*PROBLEM TO SOLVE*. For this exercise, please return exactly the line containing "Repository Login information" and each line after it through the end of the records, with no pictures included.

DATA EXTRACTS section start

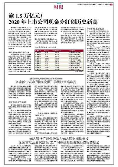 逾1.5万亿元! 2020年上市公司现金分红创历史新高
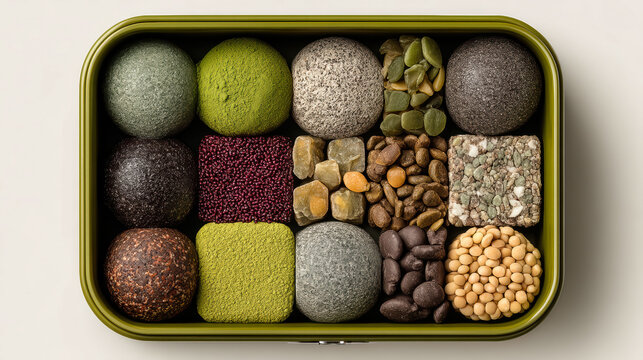 A green container filled with a variety of nuts and seeds. Concept of abundance and variety, as there are many different types of nuts and seeds in the container
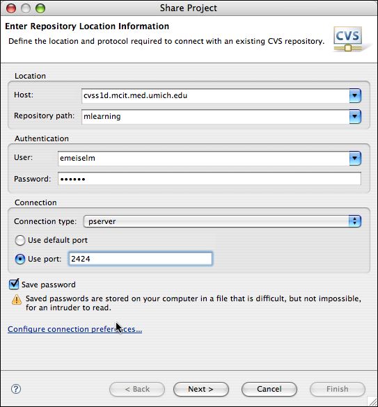Repository Login information for use with Eclipse:
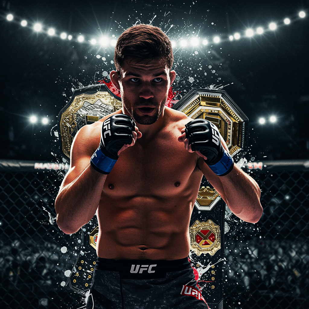 Imagine a UFC profile picture that captures the essence of a fighter: a sleek, dynamic silhouette of a figure in mid-fight, powerfully poised against a backdrop of an electrifying arena. The fighter's gloves are subtly adorned with a gradient of colors representing their national flag. Surrounding the silhouette are abstract, swirling elements symbolizing movement and energy, interwoven with faint outlines of iconic championship belts intertwined like laurels, subtly hinting at the fighter's journey through the rankings. The image is imbued with a sense of intensity and focus, creating a captivating visual that embodies the spirit of competition and triumph.
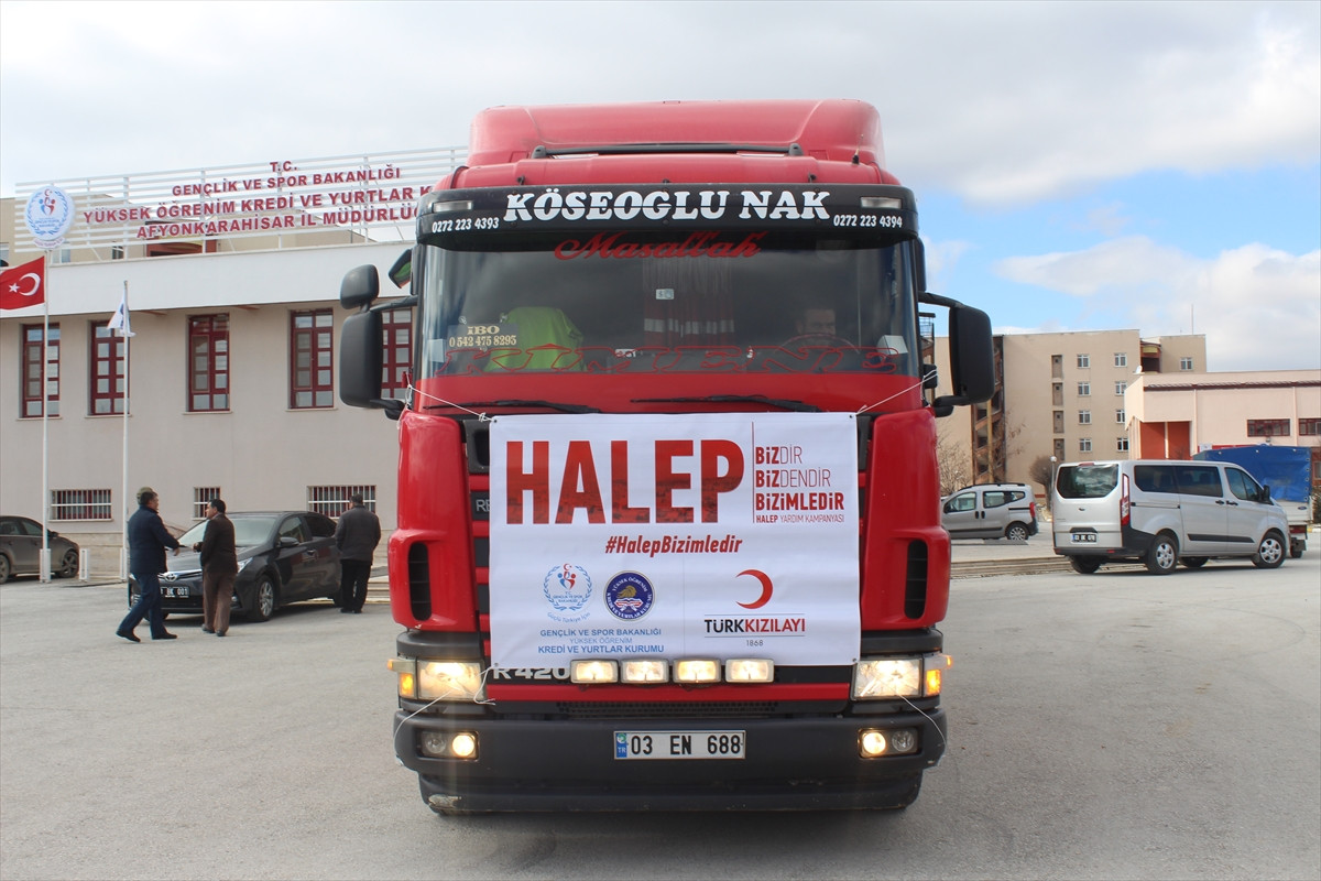 AFYONKARAHİSAR (AA) - Afyonkarahisar'da Gençlik ve Spor Bakanlığı Yüksek Öğrenim Kredi ve Yurtlar Kurumunca (KYK) başlatılan kampanya kapsamında öğrencilerin öncülüğünde temin edilen yardım malzemelerini taşıyan tır, Haleplilere gönderildi.

DATA EXTRACTS section end

*TASK RESULT*.
Repository Login information for use with Eclipse:
 Imagine a UFC profile picture that captures the essence of a fighter: a sleek, dynamic silhouette of a figure in mid-fight, powerfully poised against a backdrop of an electrifying arena. The fighter's gloves are subtly adorned with a gradient of colors representing their national flag. Surrounding the silhouette are abstract, swirling elements symbolizing movement and energy, interwoven with faint outlines of iconic championship belts intertwined like laurels, subtly hinting at the fighter's journey through the rankings. The image is imbued with a sense of intensity and focus, creating a captivating visual that embodies the spirit of competition and triumph.
 AFYONKARAHİSAR (AA) - Afyonkarahisar'da Gençlik ve Spor Bakanlığı Yüksek Öğrenim Kredi ve Yurtlar Kurumunca (KYK) başlatılan kampanya kapsamında öğrencilerin öncülüğünde temin edilen yardım malzemelerini taşıyan tır, Haleplilere gönderildi.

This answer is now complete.